# What the task requires
Through to the final line, write out the records below exactly, omitting any images they contain.

- - -

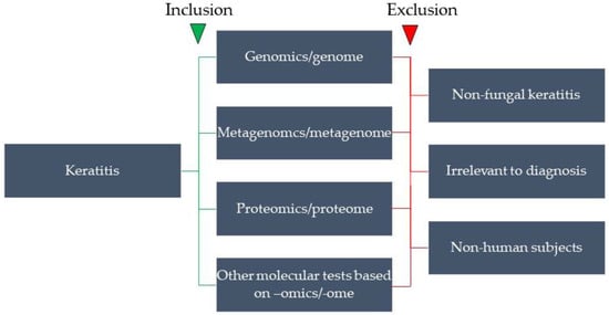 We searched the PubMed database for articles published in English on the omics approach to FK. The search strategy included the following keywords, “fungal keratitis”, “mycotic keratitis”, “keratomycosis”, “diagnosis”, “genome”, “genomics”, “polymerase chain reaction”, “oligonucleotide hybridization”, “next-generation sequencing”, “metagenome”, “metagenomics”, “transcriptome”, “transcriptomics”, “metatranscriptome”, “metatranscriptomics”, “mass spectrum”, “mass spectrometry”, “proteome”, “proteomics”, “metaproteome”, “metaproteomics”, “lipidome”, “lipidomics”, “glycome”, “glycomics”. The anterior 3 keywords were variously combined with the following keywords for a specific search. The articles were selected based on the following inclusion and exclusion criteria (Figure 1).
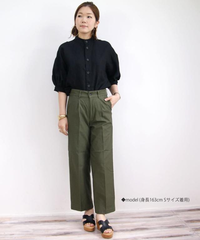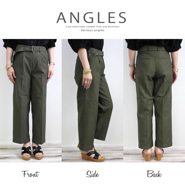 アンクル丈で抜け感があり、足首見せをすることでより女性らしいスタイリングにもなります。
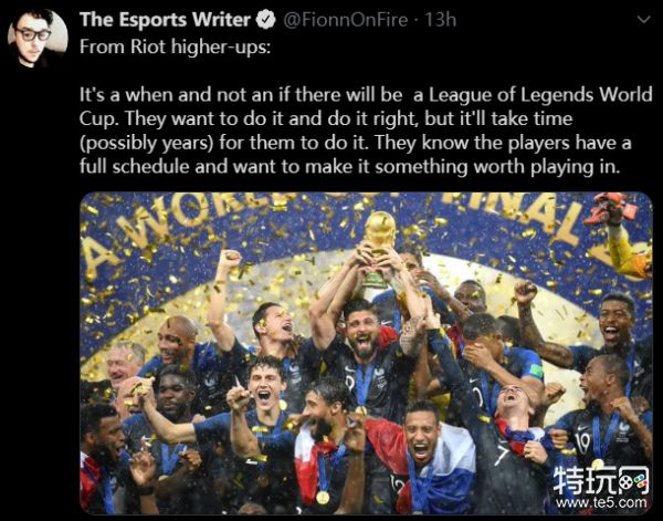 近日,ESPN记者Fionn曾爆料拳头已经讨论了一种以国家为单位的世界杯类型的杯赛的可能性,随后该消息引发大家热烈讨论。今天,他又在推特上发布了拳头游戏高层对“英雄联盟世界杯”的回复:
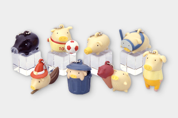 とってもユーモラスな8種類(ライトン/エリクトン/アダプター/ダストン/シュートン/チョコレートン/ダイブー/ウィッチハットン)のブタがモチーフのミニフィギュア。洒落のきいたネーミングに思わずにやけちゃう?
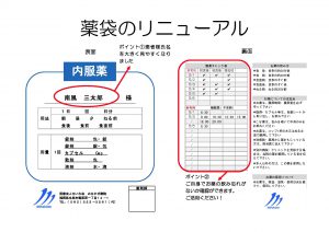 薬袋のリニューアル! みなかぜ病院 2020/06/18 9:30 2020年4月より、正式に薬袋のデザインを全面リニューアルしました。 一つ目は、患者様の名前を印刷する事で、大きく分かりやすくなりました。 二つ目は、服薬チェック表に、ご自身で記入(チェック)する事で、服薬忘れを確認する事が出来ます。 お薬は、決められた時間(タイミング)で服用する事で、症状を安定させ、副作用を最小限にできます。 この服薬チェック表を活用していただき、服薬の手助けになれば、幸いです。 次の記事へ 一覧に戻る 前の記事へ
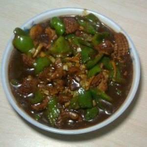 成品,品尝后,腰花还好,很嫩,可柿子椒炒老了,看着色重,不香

- - -

# Response
 We searched the PubMed database for articles published in English on the omics approach to FK. The search strategy included the following keywords, “fungal keratitis”, “mycotic keratitis”, “keratomycosis”, “diagnosis”, “genome”, “genomics”, “polymerase chain reaction”, “oligonucleotide hybridization”, “next-generation sequencing”, “metagenome”, “metagenomics”, “transcriptome”, “transcriptomics”, “metatranscriptome”, “metatranscriptomics”, “mass spectrum”, “mass spectrometry”, “proteome”, “proteomics”, “metaproteome”, “metaproteomics”, “lipidome”, “lipidomics”, “glycome”, “glycomics”. The anterior 3 keywords were variously combined with the following keywords for a specific search. The articles were selected based on the following inclusion and exclusion criteria (Figure 1).
 アンクル丈で抜け感があり、足首見せをすることでより女性らしいスタイリングにもなります。
 近日,ESPN记者Fionn曾爆料拳头已经讨论了一种以国家为单位的世界杯类型的杯赛的可能性,随后该消息引发大家热烈讨论。今天,他又在推特上发布了拳头游戏高层对“英雄联盟世界杯”的回复:
 とってもユーモラスな8種類(ライトン/エリクトン/アダプター/ダストン/シュートン/チョコレートン/ダイブー/ウィッチハットン)のブタがモチーフのミニフィギュア。洒落のきいたネーミングに思わずにやけちゃう?
 薬袋のリニューアル! みなかぜ病院 2020/06/18 9:30 2020年4月より、正式に薬袋のデザインを全面リニューアルしました。 一つ目は、患者様の名前を印刷する事で、大きく分かりやすくなりました。 二つ目は、服薬チェック表に、ご自身で記入(チェック)する事で、服薬忘れを確認する事が出来ます。 お薬は、決められた時間(タイミング)で服用する事で、症状を安定させ、副作用を最小限にできます。 この服薬チェック表を活用していただき、服薬の手助けになれば、幸いです。 次の記事へ 一覧に戻る 前の記事へ
 成品,品尝后,腰花还好,很嫩,可柿子椒炒老了,看着色重,不香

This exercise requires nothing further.